- Provided material -
++++++
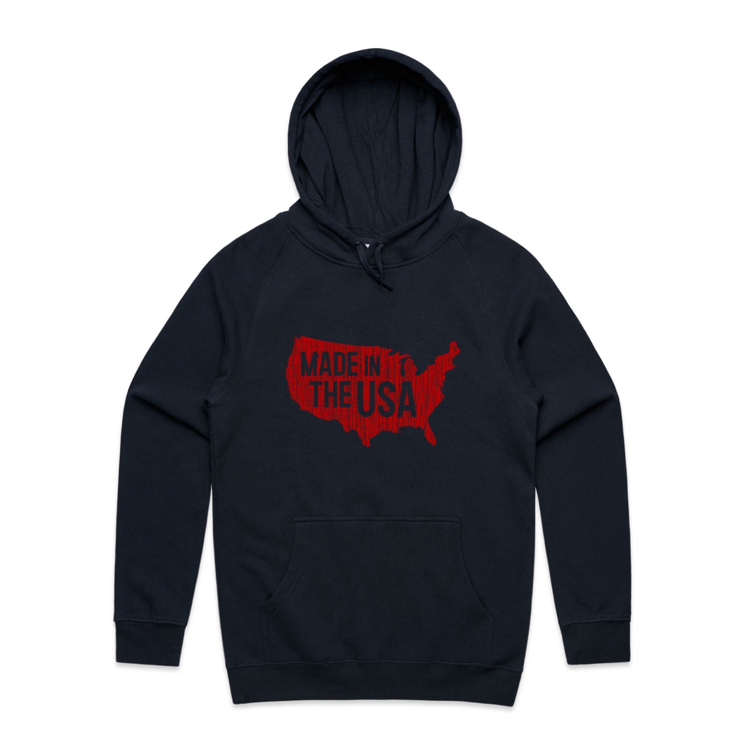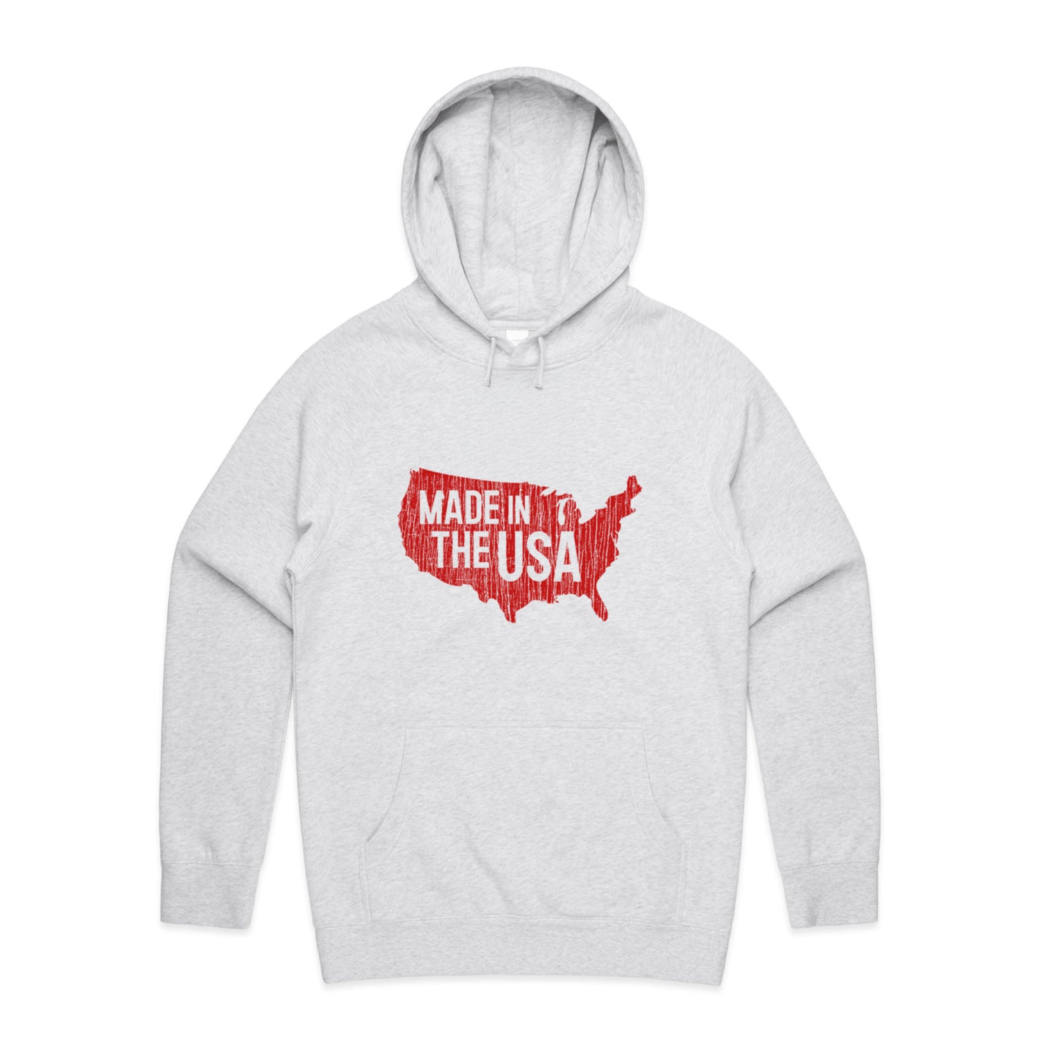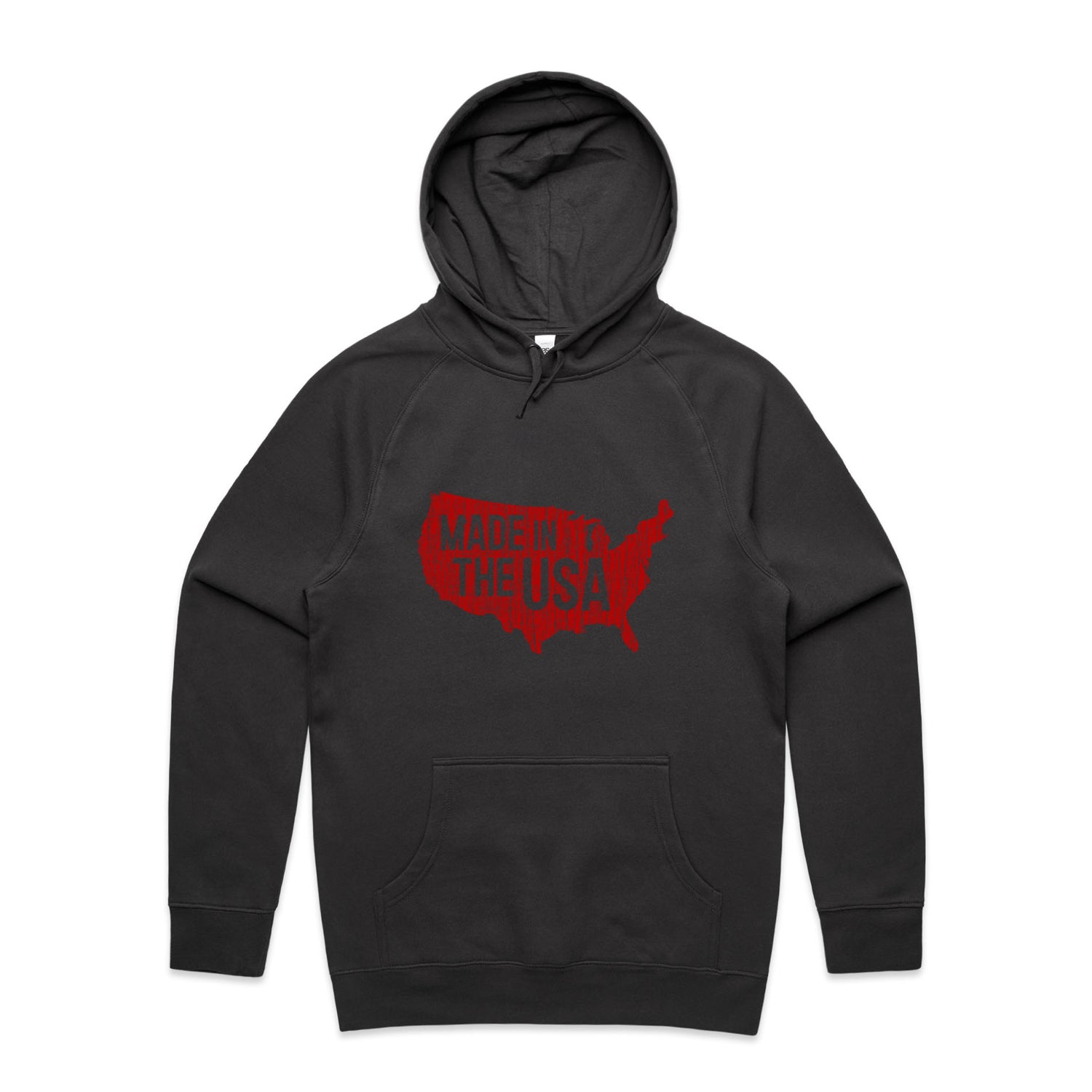The Hoodies Made in America – Men's Hooded Sweatshirt is a high-quality men's hooded sweatshirt, printed with red ink on the trusted AS Colour Supply Hood 5101. With a regular fit and mid-weight feel, it's crafted from a premium blend of 80% cotton and 20% polyester anti-pill fleece, making it a durable and comfortable staple for any wardrobe. The pullover design features raglan sleeves, a lined hood with tonal drawcord, ribbed sleeve cuffs, and a roomy kangaroo pocket — all designed to keep you warm while looking effortlessly sharp.
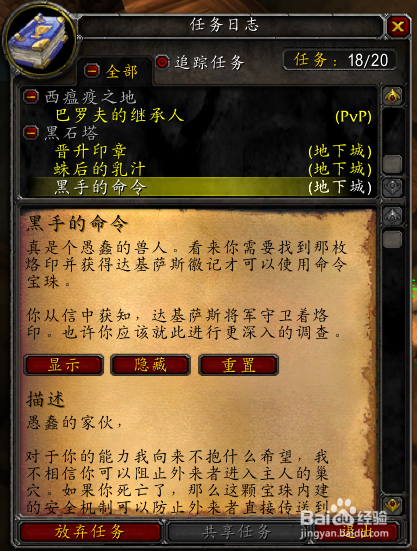 击杀掉NPC裂盾军需官会拾取一个任务道具[黑手的命令],使用该道具后会接到任务[黑手的命令],然后可以进行下一步:打通[黑石塔-上层]。
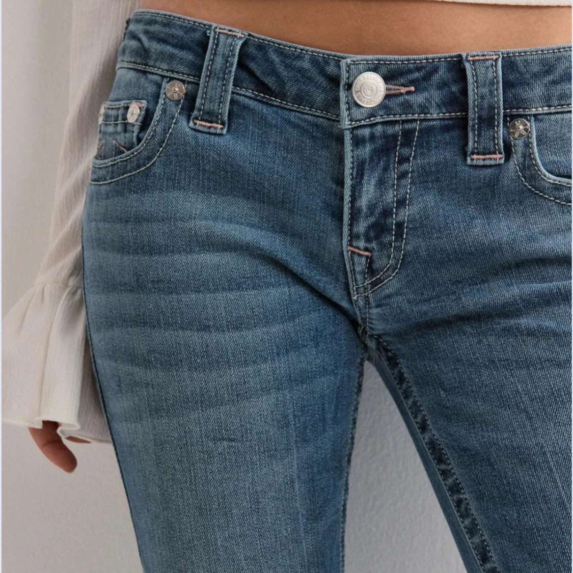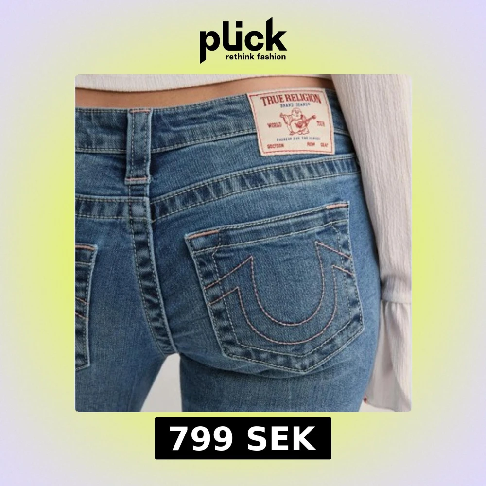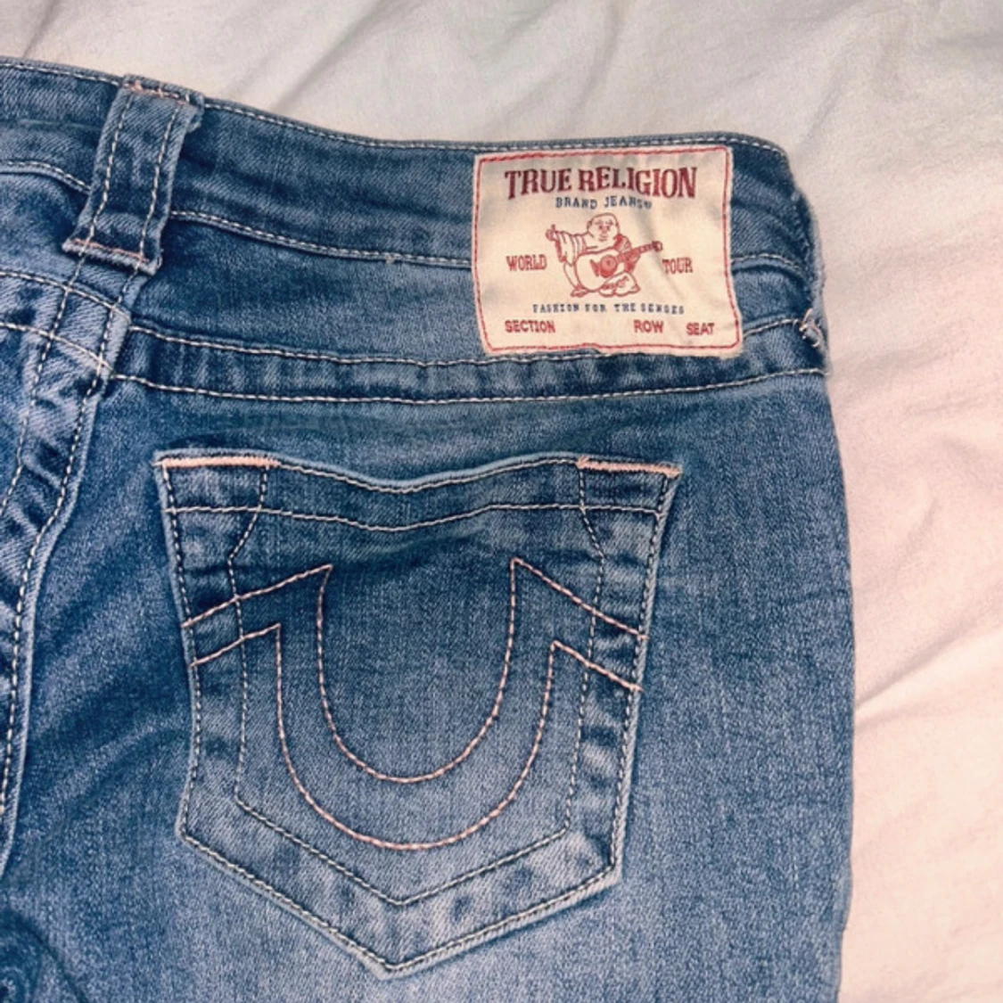Säljer ett par klassiska blå jeans från True Religion med bootcut passform. Jeansen har snygga kontrastsömmar, ikoniska bakfickor och låg midja. Storlek W26 vilket ungefär motsvarar storlek 34/38
++++++
- Task goal -
Please reproduce all the material exactly. Pictures stay out of the copy.

- Solution for this problem -
The Hoodies Made in America – Men's Hooded Sweatshirt is a high-quality men's hooded sweatshirt, printed with red ink on the trusted AS Colour Supply Hood 5101. With a regular fit and mid-weight feel, it's crafted from a premium blend of 80% cotton and 20% polyester anti-pill fleece, making it a durable and comfortable staple for any wardrobe. The pullover design features raglan sleeves, a lined hood with tonal drawcord, ribbed sleeve cuffs, and a roomy kangaroo pocket — all designed to keep you warm while looking effortlessly sharp.
 击杀掉NPC裂盾军需官会拾取一个任务道具[黑手的命令],使用该道具后会接到任务[黑手的命令],然后可以进行下一步:打通[黑石塔-上层]。
Säljer ett par klassiska blå jeans från True Religion med bootcut passform. Jeansen har snygga kontrastsömmar, ikoniska bakfickor och låg midja. Storlek W26 vilket ungefär motsvarar storlek 34/38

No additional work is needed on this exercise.